Overview#
After a brute-force campaign against a government agency's platform accounts, the security team needs to reconstruct exactly what happened: which accounts were targeted, which IPs were involved, when lockouts triggered, and whether any successful logins followed a series of failures. That reconstruction is only possible if the authentication event record is complete, consistent, and queryable. The Authentication Audit Logging Pipeline guarantees that by writing every authentication event to both the document store and PostgreSQL in the same operation.
The dual-write design closes a practical gap: lockout state fields can fall out of sync when only one persistence layer is updated. With every event mirrored to PostgreSQL, structured queries against account lockout status always return current information, not a stale snapshot from a partially-completed write.
Diagram
sequenceDiagram
participant U as User
participant A as Auth Service
participant D as Document Store
participant P as PostgreSQL
participant S as Security Dashboard
U->>A: Login attempt (web or mobile path)

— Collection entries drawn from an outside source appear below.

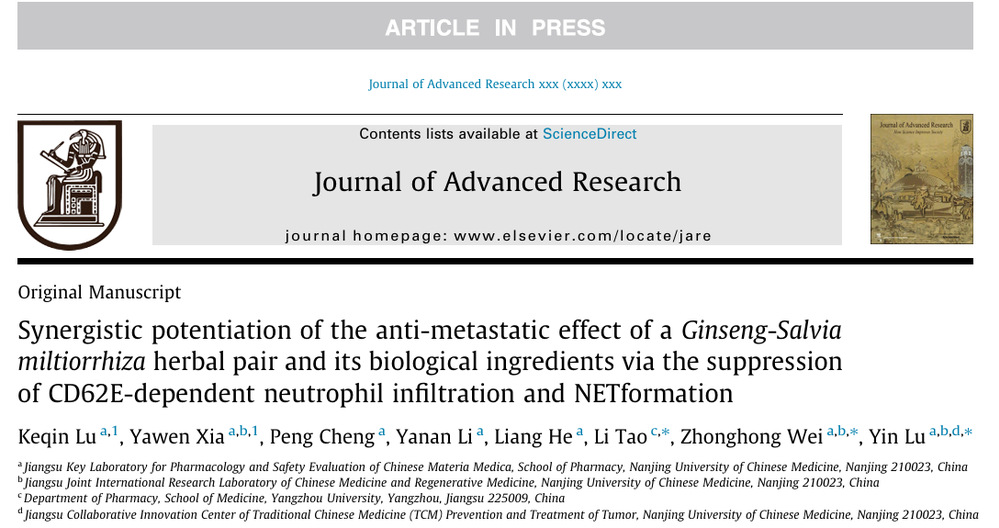 我校药学院陆茵教授课题组长期围绕活血化瘀中药对肿瘤转移是促进还是抑制这个一直困扰中医临床临床的科学问题开展研究,前期已经取得重要的积淀。今年,2024年10月29日在Journal of Advanced Research杂志(IF=11.4,中科院一区)在线发表题为“Synergistic potentiation of the anti-metastatic effect of a Ginseng-Salvia miltiorrhiza herbal pair and its biological ingredients via the suppression of CD62E-dependent neutrophil infiltration and NET formation”的研究论文,从大量的中药复方中发现来源于丹参-人参的组分配伍(隐丹参酮+人参皂苷Rg1)协同抑制肿瘤血行转移过程中NETs介导的癌栓形成关键环节,其深入的分子机制研究丰富了活血化瘀抗肿瘤血行转移的科学内涵,为临床活血化瘀药配伍抑制肿瘤转移提供重要的支撑,为抗肿瘤转移中药新药的研制提供了理论和实验依据。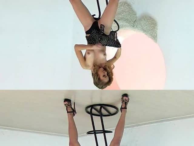 Breathtaking Golden-Haired Masturbates Upside Down in Chair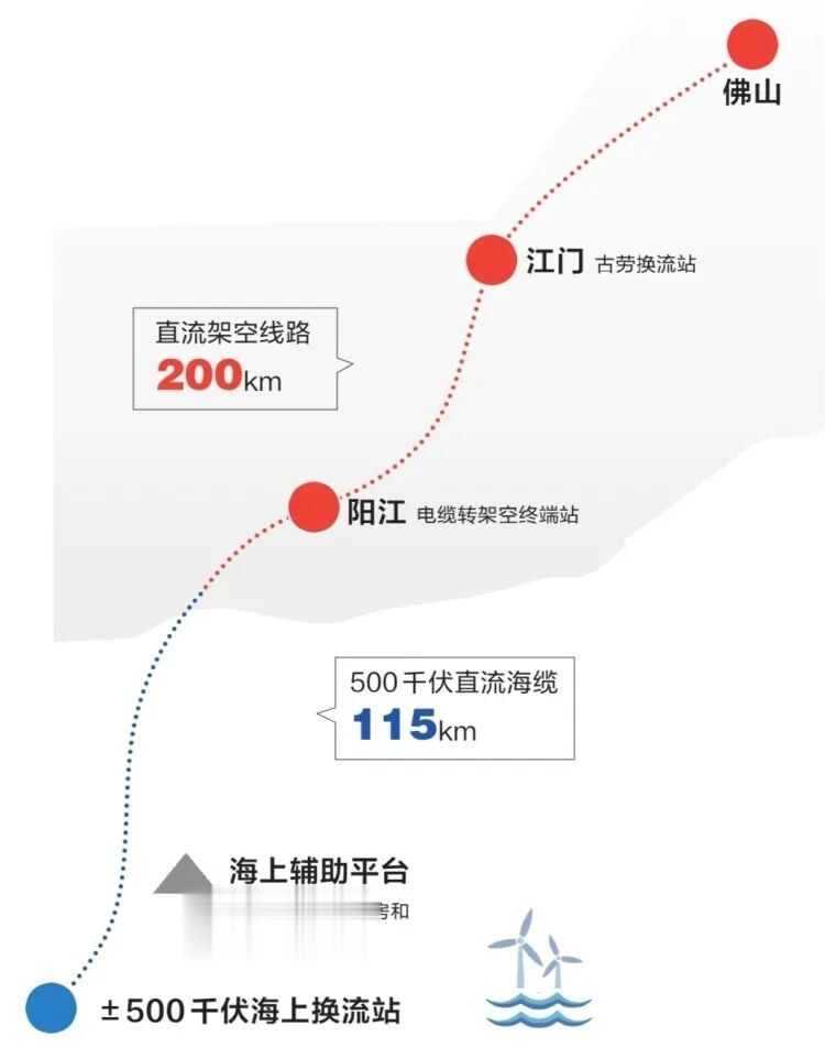 陆上工程则包含阳江海缆转架空终端站、江门古劳换流站,以及途经阳江、江门、佛山三地的近200公里架空线。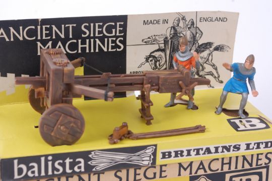 BRITAINS; A rare and vintage Britains Ancient Siege Machines ' Balista ' boxed set, complete with figures and firing spears. Within original box, still retaining original cardboard display liner.
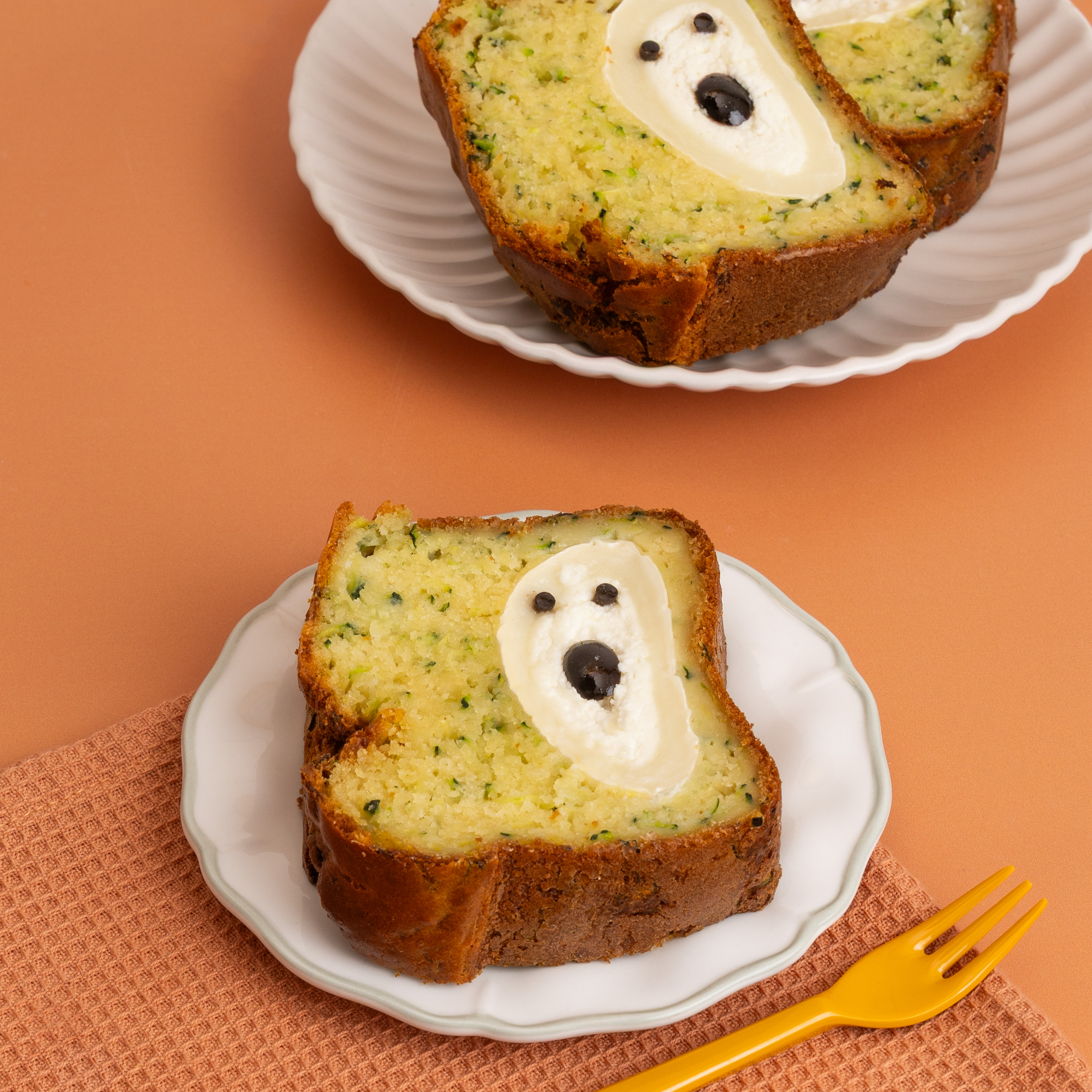 Je tremble de peur !Un cake salé qui cache bien son secret. Sous sa croûte dorée, le chèvre fondant rencontre la douceur de la courgette râpée pour un mariage parfait. Mais attention : à la découpe, les fantômes se dévoilent, comme sculptés dans la mie. Un plat aussi moelleux, savoureux et ensorcelé.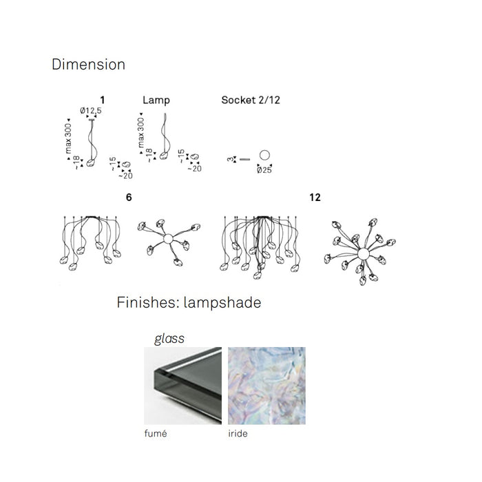 This family of modern chandeliers consists of two models: CATTELAN Cloud and CATTELAN Cloudine. Just like their namesake, these designer ceiling lamps appear to float in the air lightly. The blown glass lampshade is available in two shades: Iride, with reflections of several iridescent colours, or Fumè, a darker and more welcoming shade. Cloud and Cloudine glass designer lamps have different lampshade sizes, the first being smaller than the latter. Both models can create a composition from 2 to 12 lampshades; alternatively, you can hang a single lamp to the ceiling. Cloud is also available as a modern table lamp with a steel base which appears to blow the air inside the globe, keeping it in shape.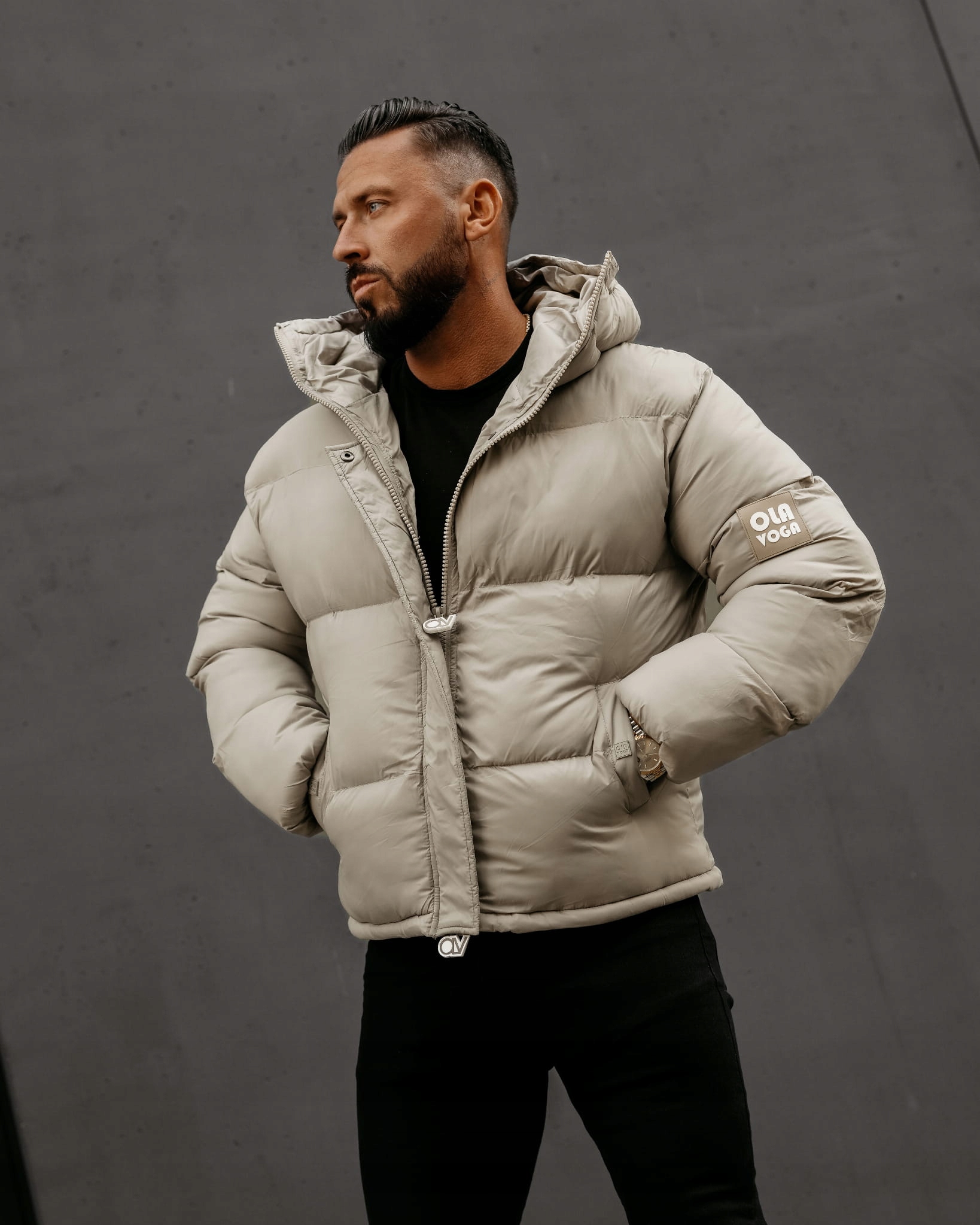 Стьобана чоловіча куртка oversize, застібається на блискавку з логотипом. Модель з високим коміром і просторим капюшоном. Нашивка з логотипом бренду OLAVOGA на рукаві. Стриманий ярлик, вшитий у бічній кишені. Куртка з якісного блискучого матеріалу.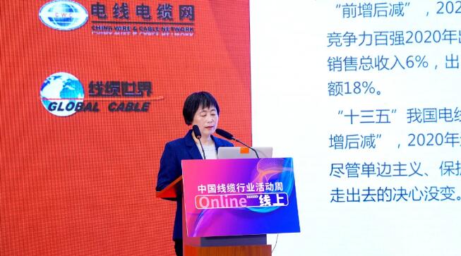 在上海電纜研究所信息會(huì)展中心主任凌成剛的主持下,上海電纜研究所工程咨詢部國(guó)家注冊(cè)咨詢師孫欣發(fā)表《2021中國(guó)線纜產(chǎn)業(yè)最具競(jìng)爭(zhēng)力企業(yè)評(píng)測(cè)工作報(bào)告》。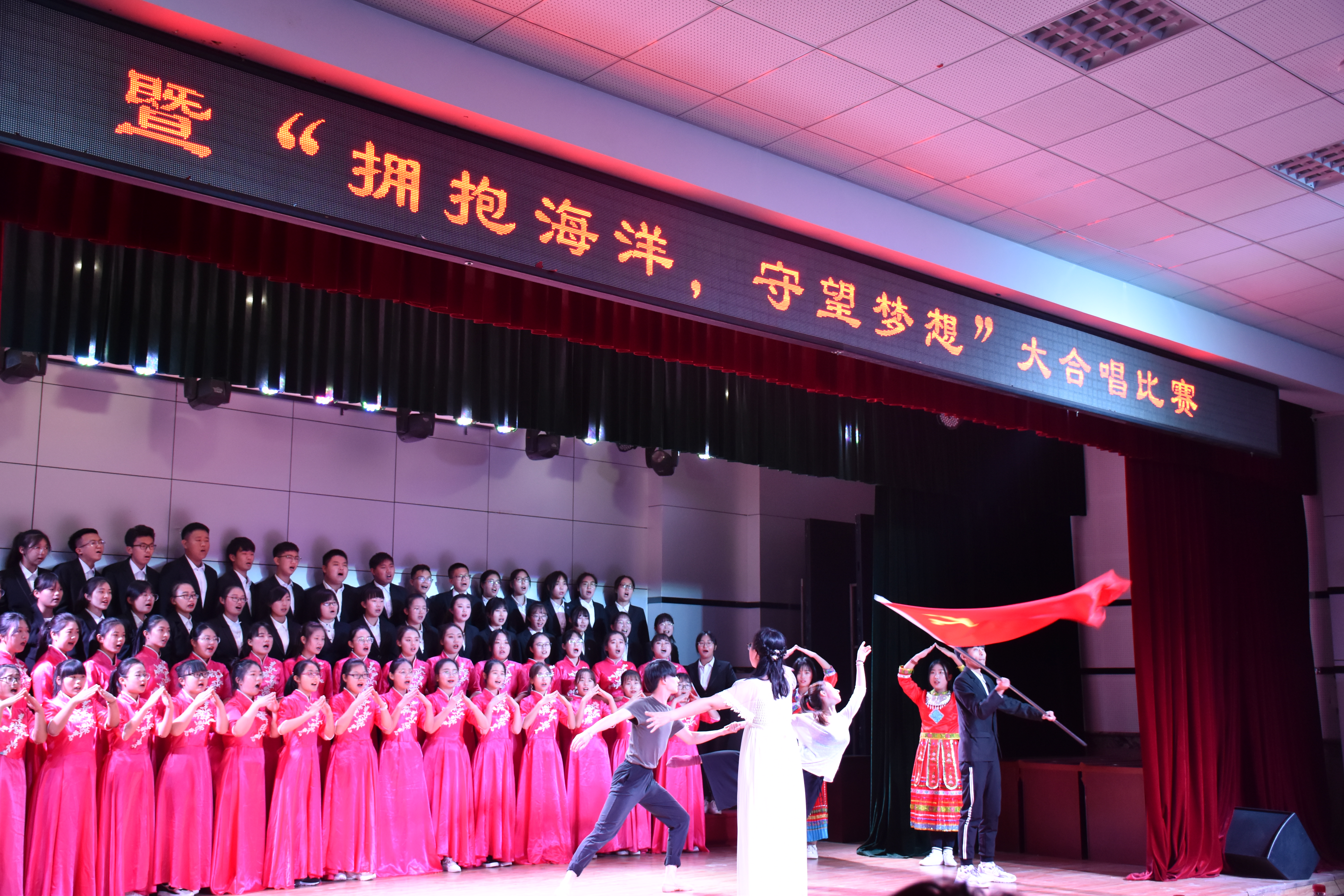 本次大合唱比赛的主题为“爱国爱校 红歌嘹亮”“拥抱海洋,守望梦想”。经过9个专业班级初赛选拔,本次进入决赛共有6个专业班级代表队,校歌《科技师院人之歌》为必唱曲目,自选曲目为歌颂党、歌颂祖国的红色歌曲和歌颂辽阔的海洋为主。在决赛过程中,每个专业班级的同学们个个精神饱满,斗志昂扬,嘹亮的歌声,整齐的队伍,热情的观众,展现了beat36518级新生的青春风采,激发了同学们爱国爱校的热情。经过比拼,最终计算机科学与技术专业180506班荣获一等奖;数学与应用数学18010203班荣获二等奖;数字媒体技术180102班荣获三等奖;计算机科学与技术180102班、应用统计学180102班、计算机科学与技术180304班荣获优秀奖。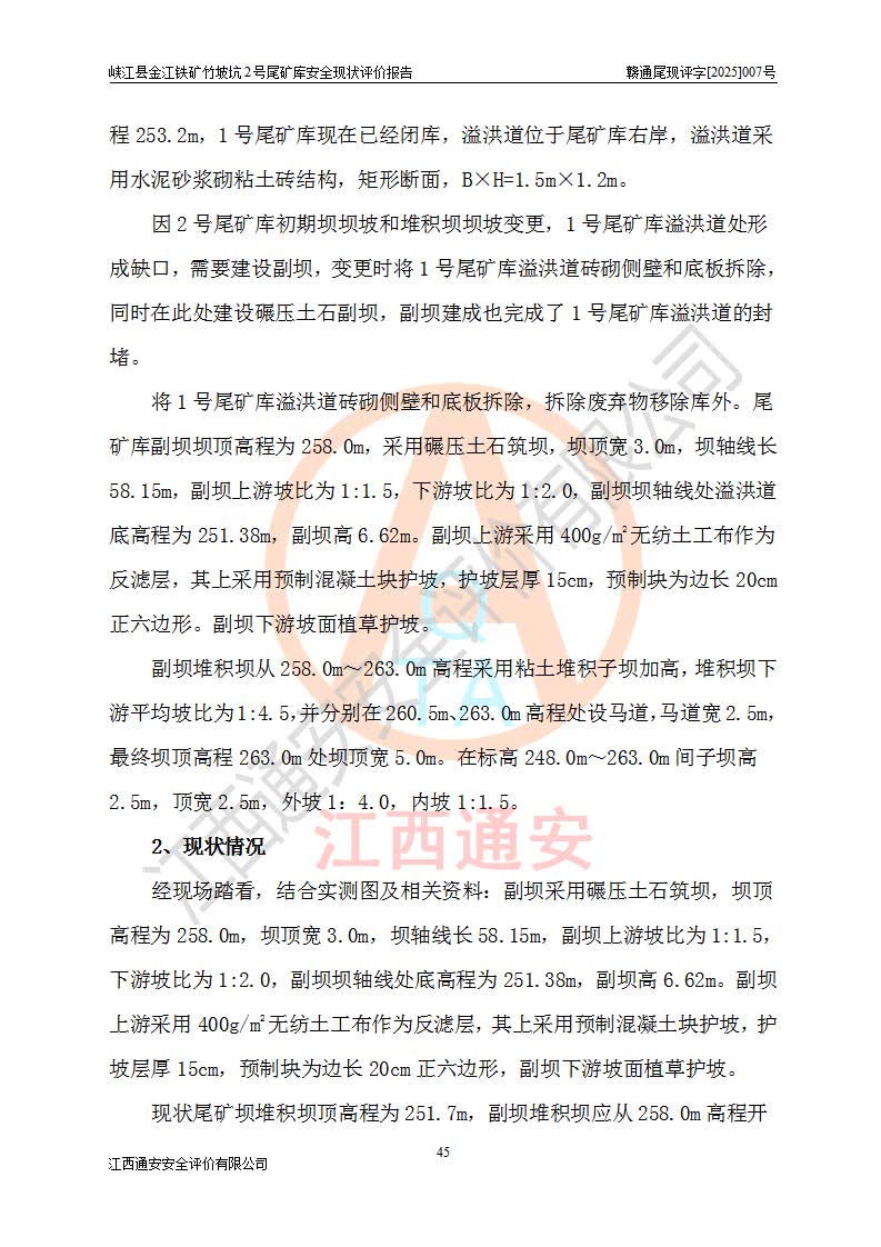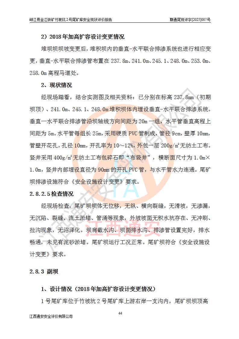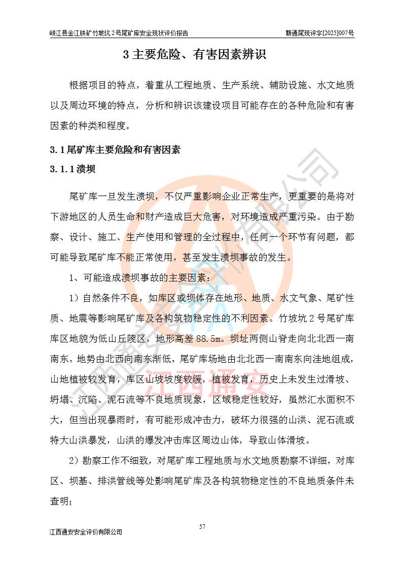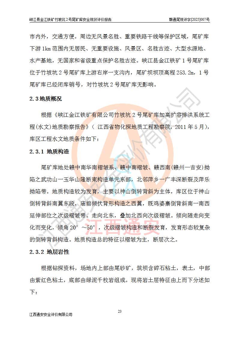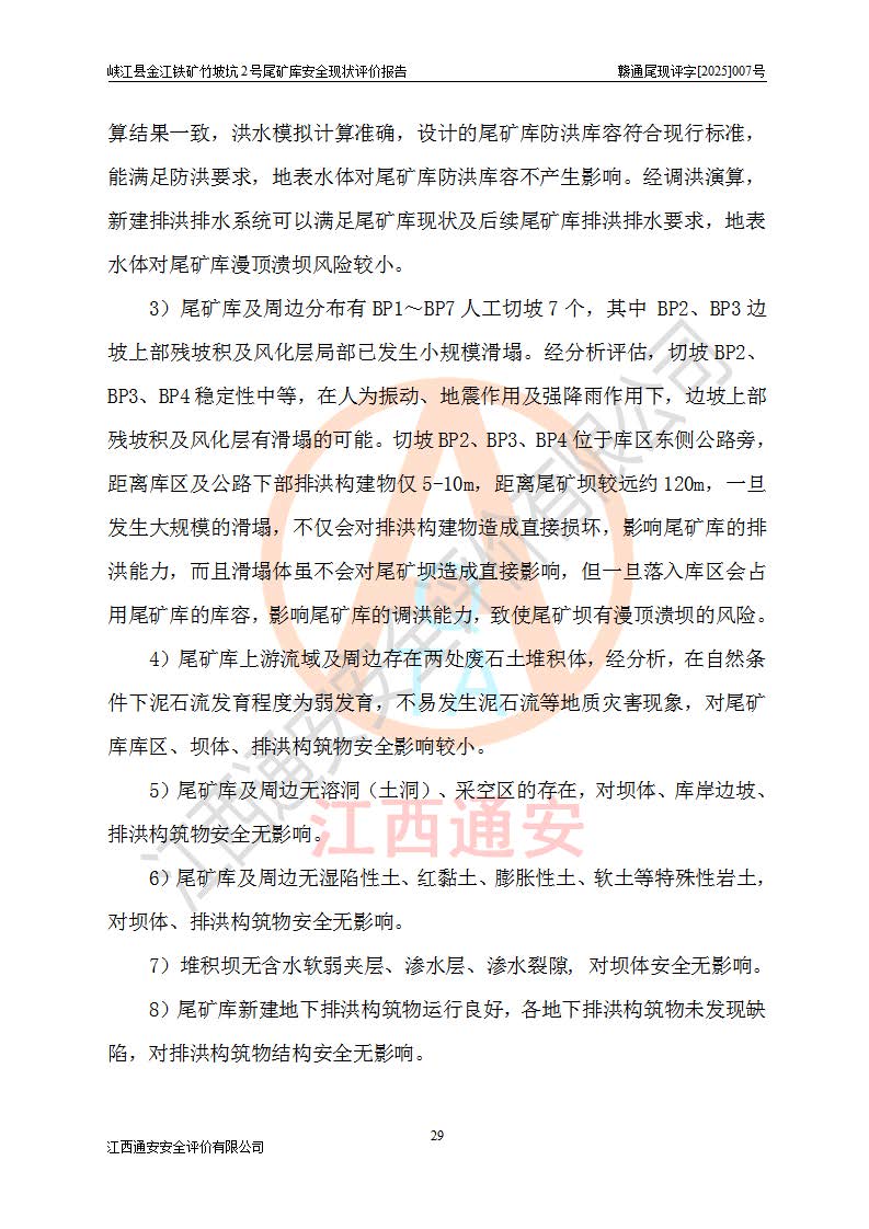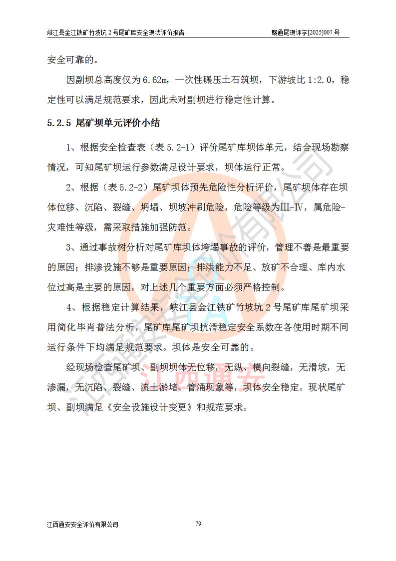 评价结论 | 峡江县金江铁矿竹坡坑2号尾矿库现状与《峡江县金江铁矿竹坡坑2号尾矿库加高扩容工程安全设施设计变更》一致,竹坡坑2号尾矿库为正常库,具备继续生产运行的安全生产条件。 | |||

A->>A: Validate credentials
A->>D: Write auth log record
A->>P: Mirror lockout state (upsert on conflict)
alt Login failed
A-->>U: Return error
Note over D,P: failed_login_attempts incremented in both stores
else Account locked
A-->>U: Return lockout response
Note over D,P: account_locked_until written to both stores
else Login success
A->>D: Write login_success record
A->>P: Clear lockout state
A-->>U: Return session token
end
P->>S: Feeds real-time authentication metricsLast Reviewed: 2026-04-02 Last Updated: 2026-04-14
Key Features#
- Dual-Write Consistency: Authentication events are written to both the document store and PostgreSQL in every operation. Lockout state fields are mirrored to PostgreSQL after every update, so structured queries always reflect current state.
- Structured Auth Log Records: Each entry captures event type, user identifier, tenant identifier, IP address, user agent, timestamp, and extensible metadata. Event types include
login_failed,account_locked,login_success, andlockout_reset. - Account Lockout Mirroring: When a failed login triggers a lockout, the lockout state is persisted to PostgreSQL in the same operation. When lockout state is cleared, the cleared state is mirrored immediately.
- Cross-Path Coverage: Both the standard web authentication path and the mobile authentication path generate identical auth log records, ensuring consistent audit coverage regardless of authentication method.
- Organisation-Scoped Queries: All auth log queries are scoped by tenant and organisation, preventing cross-tenant visibility into authentication events and satisfying data sovereignty requirements.
- Upsert Semantics: Auth log persistence uses upsert (
ON CONFLICT UPDATE) semantics on the log identifier, preventing duplicate entries from retry logic or transient failures.
Use Cases#
- Security Incident Investigation: Query the
auth_logstable for all failed login attempts against a specific user or from a specific IP to identify brute-force attacks, credential stuffing, or compromised accounts - Compliance Reporting: Generate audit reports showing all authentication events for a tenant over a defined period, with structured fields suitable for SOC 2, ISO 27001, and EDF compliance evidence
- Lockout Diagnostics: Trace the sequence of failed login attempts that triggered a lockout, including IP addresses and user agents, to support help desk resolution and forensic review
- Operational Monitoring: Track authentication event volumes and failure rates across the platform to detect anomalous patterns indicative of systemic issues or coordinated attack campaigns
Integration#
The auth logging pipeline feeds into the platform-wide audit trail for unified event visibility, the security monitoring dashboard for real-time authentication metrics, and the compliance reporting system for regulatory evidence packages. All auth log entries are accessible through the admin interface and the platform API, scoped to the requesting organisation.